A new mathematical and statistical method allows the virus population in a diseased organism to be determined quickly and economically. Using this method, medicines and vaccines against diseases caused by viral infections could be developed and deployed in a more targeted way in the future.

Through their diversity resulting from continuous mutation, viruses easily develop drug resistance. This is also why the manufacture of a vaccine against HIV has been unsuccessful up to now. To bring both under control, the strains of virus present in the host must be known. A new method developed by researchers from Switzerland and America now promises help in identifying diverse virus populations.

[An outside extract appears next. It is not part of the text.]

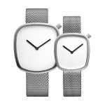 These quartz watches in their silver body and white dial ooze minimalism and are combined with a plush Milanese band to make it as much as a pleasure to wear as it is a pleasure to see. All things considered, the men’s watch features a 40 mm dial versus the 34 mm dial for the female counterpart. The stainless steel frame and sapphire glass build ensure durability to its greatest. Add to the 3 year international warranty and 30 meter water resistance, giving you the perfect formula for everlasting products, for an everlasting couple.

The method is based on a next generation, high throughput DNA sequencing technique called pyrosequencing. Niko Beerenwinkel, Assistant Professor at the Department of Biosystems of ETH Zurich, explains that this involves a technique that has been in use since 2003, with which the sequencing can be carried out efficiently and economically. He is a co-author of a study published recently in the scientific journal PLoS Computational Biology, in which the researchers successfully identified the virus strains of four patients infected with the HIV virus.

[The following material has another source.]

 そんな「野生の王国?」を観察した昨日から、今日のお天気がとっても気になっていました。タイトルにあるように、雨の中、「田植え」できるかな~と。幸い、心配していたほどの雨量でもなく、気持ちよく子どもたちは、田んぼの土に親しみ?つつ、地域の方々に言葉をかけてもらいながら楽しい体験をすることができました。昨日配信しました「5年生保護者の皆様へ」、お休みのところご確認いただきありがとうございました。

Light signals identify structural elements

In their study, the scientists used the pyrosequencing technique to examine the DNA of HIV/AIDS viruses. As Beerenwinkel explains: “This involves determining the sequence of the DNA modules by synthesising the complementary DNA strand. Each newly incorporated base is recognised by a light signal. This method is reliable only for short DNA segments, but at the same time it can be highly parallelised, which ultimately leads to a very large number of short segments.”

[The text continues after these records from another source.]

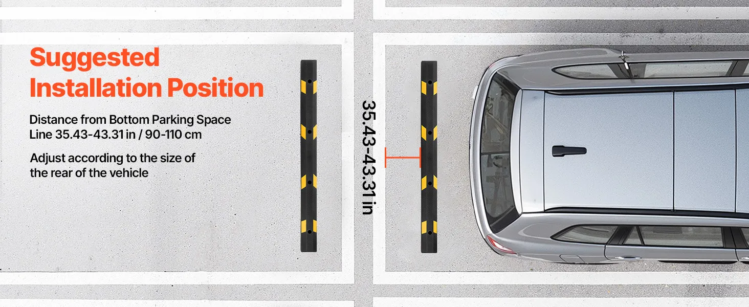 Recommended to install 35.43-43.31 in/90-110 cm from the bottom parking line. Our parking stop can be adjusted according to the size of the rear of the vehicle. Precise installation avoids the vehicle hitting the wall when reversing.
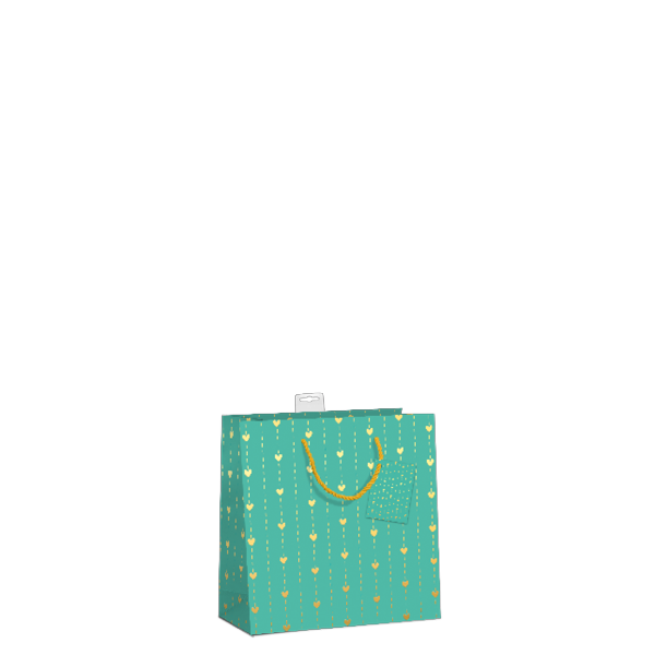 GAVEPOSE STR. SMALL 15 x 15 cm “GRØN M. SMÅ GULDHJERTER
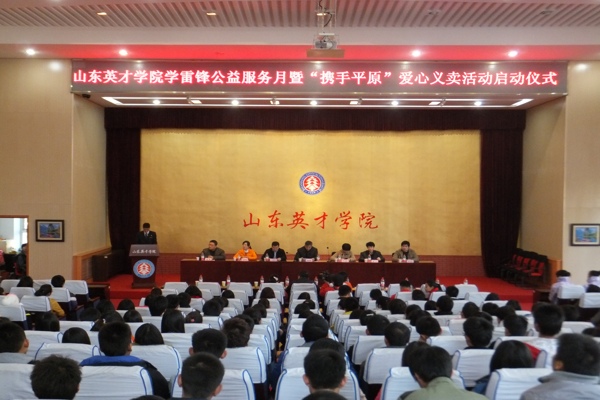 11月14日,山东英才学院学雷锋公益服务月暨“携手平原”爱心义卖活动在学术报告厅启动。山东英才学院副院长李崇银,团委书记龙新良,团委老师王坤丽及平原县委多位领导出席了此次启动仪式。

The scientists now used a computer-assisted method which they had developed to combine together the DNA segments from the HIV samples to form virus strains. This involves piecing together matching DNA segments like a jigsaw puzzle to form the complete sequences of the various strains. Beerenwinkel explains that one does not know beforehand either how many or which strains the sample contains, or which DNA segments belong to the same strain.

Error rate minimized

But, according to Beerenwinkel, the disadvantage would be that the segments are very short and may conceal a high error rate. However, by using the mathematical and statistical error correction tools developed by the researchers, they were able to reduce the error rate with their method by a factor of 30, thus determining reliably the virus strains belonging to the DNA segments. This is shown by a comparison with conventional methods in which long DNA segments can be determined with high precision.

For this purpose they chose individual viruses at random from the population and used traditional methods to determine the sequence of the individual DNA structural elements. According to Beerenwinkel, this revealed that the results were very similar, but the pyrosequencing method works faster and more economically and – in contrast to conventional methods – enables entire virus populations to be identified more easily.

The method that has been developed allows the efficient use of new sequencing techniques with which the genetic diversity of the whole virus population of an infected patient can be determined. This can mean a big step forward for use of medicines to treat virus diseases and for vaccine development. This is because it could enable medicines to be used in a more targeted way, thus preventing the development of resistance. It could also facilitate the development of vaccines.